◆ INSTRUCTIONS FOR THE TASK
Your copy should contain exactly the lines from the start of the material through the line containing "Taranaki DP5921 Sheet", and no pictures.

◆ GIVEN INFORMATION
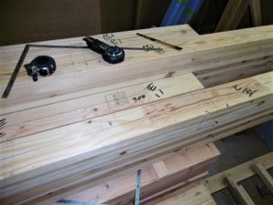 それに比べて”手刻み”となると 大工さんが伏せ図を読み込み、木材1本1本に墨(穴を開けたり長さを切ったりする印)を付けていき、
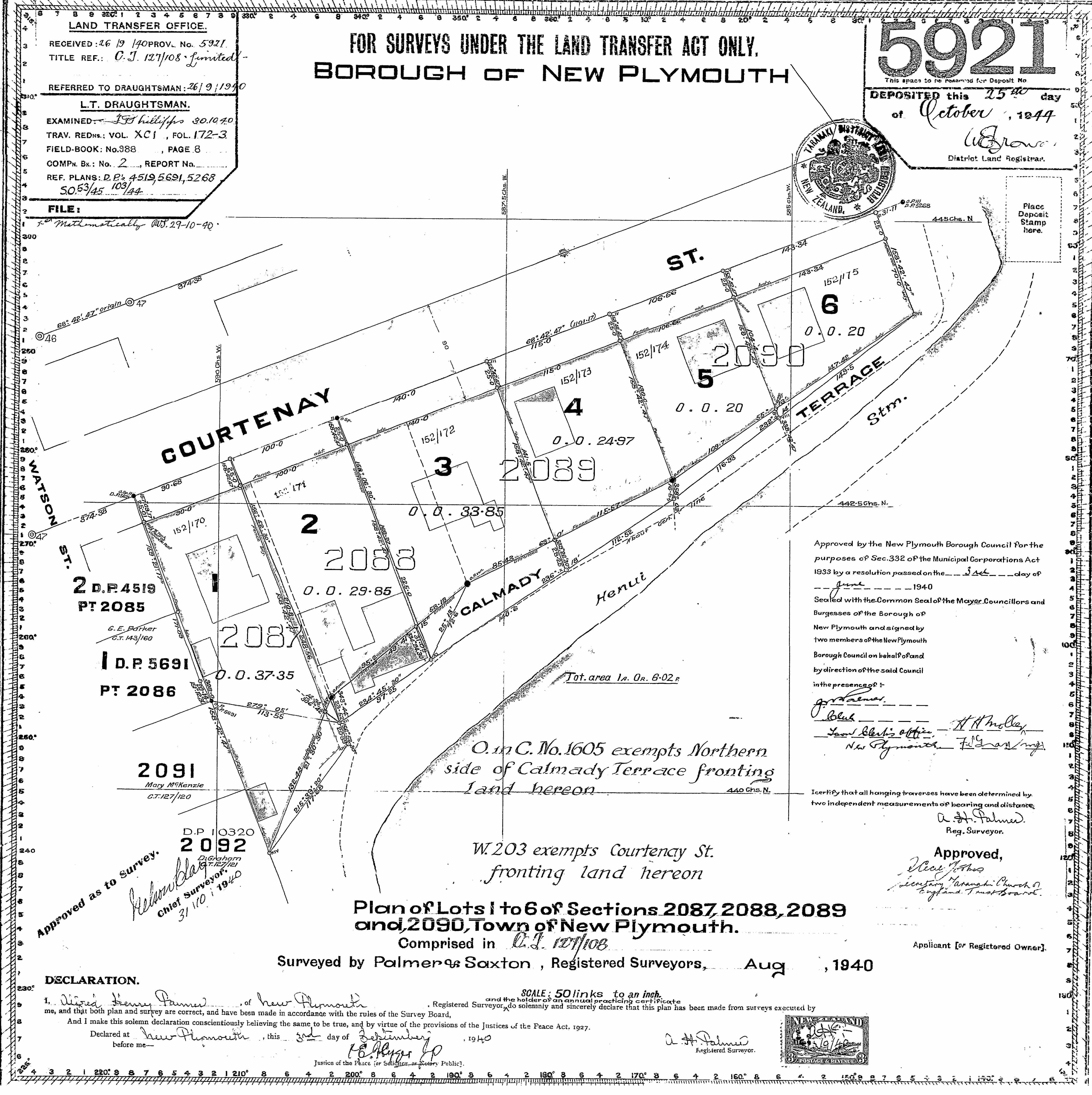 Taranaki DP5921 Sheet 1 (1940), ICS Pre 300,000 Cadastral Plan Index (Imaged by LINZ)
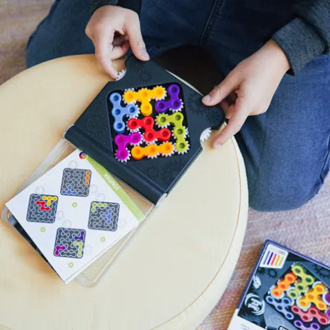 The IQ series of games is so popular. This is IQ Gears – a game with 120 levels of challenge. The rules are simple – all the pieces must fit into the grid. Each level gives you the location of some of the pieces, with blank areas left for you to fill up. However, the pieces can be rotated to fit in many different ways or reversed to fit the other way up. When everything is in the right place, the gears on the edge of the board will turn freely, showing that they are engaging correctly. No movement means that something is wrong and you will need to think again!
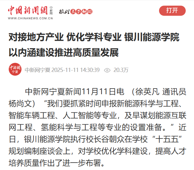 中新网宁夏新闻11月11日电 (徐英凡 通讯员 杨尚文)“我们要抓紧时间申报新能源科学与工程、智能车辆工程、人工智能等专业,及早谋划能源互联网工程、氢能科学与工程等专业的设置准备。”近日,银川能源学院执行校长谷朝众在学校“十五五”规划编制座谈会上,对学校优化学科建设,提高人才培养质量作出了进一步布署.

◆ RESPONSE
 それに比べて”手刻み”となると 大工さんが伏せ図を読み込み、木材1本1本に墨(穴を開けたり長さを切ったりする印)を付けていき、
 Taranaki DP5921 Sheet 1 (1940), ICS Pre 300,000 Cadastral Plan Index (Imaged by LINZ)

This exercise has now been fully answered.